This project was implemented in R and executed by applying KNN algorithm with recognition accuracy of around 90-95%. The aim of this project is to implement a classification algorithm to recognize handwritten digits (0‐9). The desired results have been obtained by training the machine first using the Mnist_Train Data-set and later testing the obtained results using Mnist_Test Data-set , to recognise the handwritten digit.
The task of handwritten digit recognition, using a classifier, has great importance and use such as – online handwriting recognition on computer tablets, recognize zip codes on mail for postal mail sorting, processing bank check amounts, etc. There are different challenges faced while attempting to solve this problem. The handwritten digits are not always of the same size, thickness, or orientation and position relative to the margins. My goal was to implement a pattern classification method to recognize the handwritten digits provided in the MINIST data set of images of hand written digits (0‐9). Finally the uniqueness and variety in the handwriting of different individuals also influences the formation and appearance of the digits.
->Sample digits used for training the classifier->Given a (NxN) greyscale image Print_Digit Function can used to find the Image Label & Pixels
Given a set of greyscale isolated numerical images taken from MNIST database.
The objectives are:-
->To recognize handwritten digits correctly.
->To improve the accuracy of detection.
->To develop a method which is independent of digit size and writer style/ink independent.
K-Nearest Neighbors is a simple classification algorithm that is surprisingly effective. However, to work well, it requires a training dataset: a set of data points where each point is labelled. If we set K to 1, then we can classify a new data point by looking at all the points in the training data set, and choosing the label of the point that is nearest to the new point. If we use higher values of K, then we look at the K nearest points, and choose the most frequent label amongst those points.
The MNIST used here is in CSV format. The MNIST handwritten digit classification problem is a standard dataset used in computer vision and deep learning.
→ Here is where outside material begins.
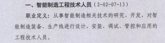 像《通告》里的智能制造工程技術(shù)人員,職業(yè)定義為:從事智能制造相關(guān)技術(shù)的研究、開發(fā)、對智能制造裝備、生產(chǎn)線進行設(shè)計、安裝、調(diào)試、管控和應(yīng)用的工程技術(shù)人員。
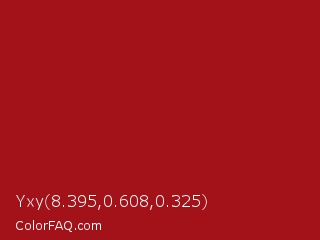 Yxy 8.395,0.608,0.325 Color is a normal red color and the nearest color is Spartan Crimson #9e1316. Hex code #a41219 and RGB value is rgb(164,18,25). In RGB color space, this color is composed of 64% red, 7% green, 10% blue, In CMYK color space, this color is composed of 0% cyan, 89% magenta, 85% yellow , 36% black , In HSL color space, this color has a hue angle of 357° , 80% saturation and 36% lightness.

Although, the dataset is effectively solved, it can be used as the basis for learning and practicing how to develop, evaluate, and use convolutional deep learning neural networks for image classification from scratch. This includes how to develop a robust test harness for estimating the performance of the model, how to explore improvements to the model, and how to save the model and later load it to make predictions on new data.
The overall classification design of the MNIST digit database is shown in following algorithm. Algorithm: Classification of Digits Input: Isolated Numeral images from MNIST Database Output: Recognition of the Numerals Method: Structural features and KNN classifier.
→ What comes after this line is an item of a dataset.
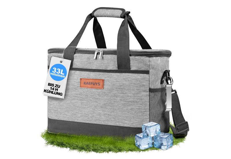 📍 Kühltasche 33L+14h Kühlung Thermoisoliert Tragbar Faltbar Wasserdicht Groß Picknicktasche für Einkaufen Auto Büro Camping Outdoor Reisen Lebensmitteltransport Proviant Familie Grillen

Step 1: Preprocessing the Image
Step 2: Keep the label of each Array along with it.
Step 3: Feed the classifier with the train_data set.
Step 4: Repeat the steps from 1 to 3 for all images in the Test Database.
Step 5: Estimate the minimum distance between feature vector and vector stored in the library by using Euclidian distances.
Step 6: Feed the classifier with test_data set.
Step 7: Classify the input images into appropriate class label using minimum distance K-nearest neighbor classifier.
Step 8: End.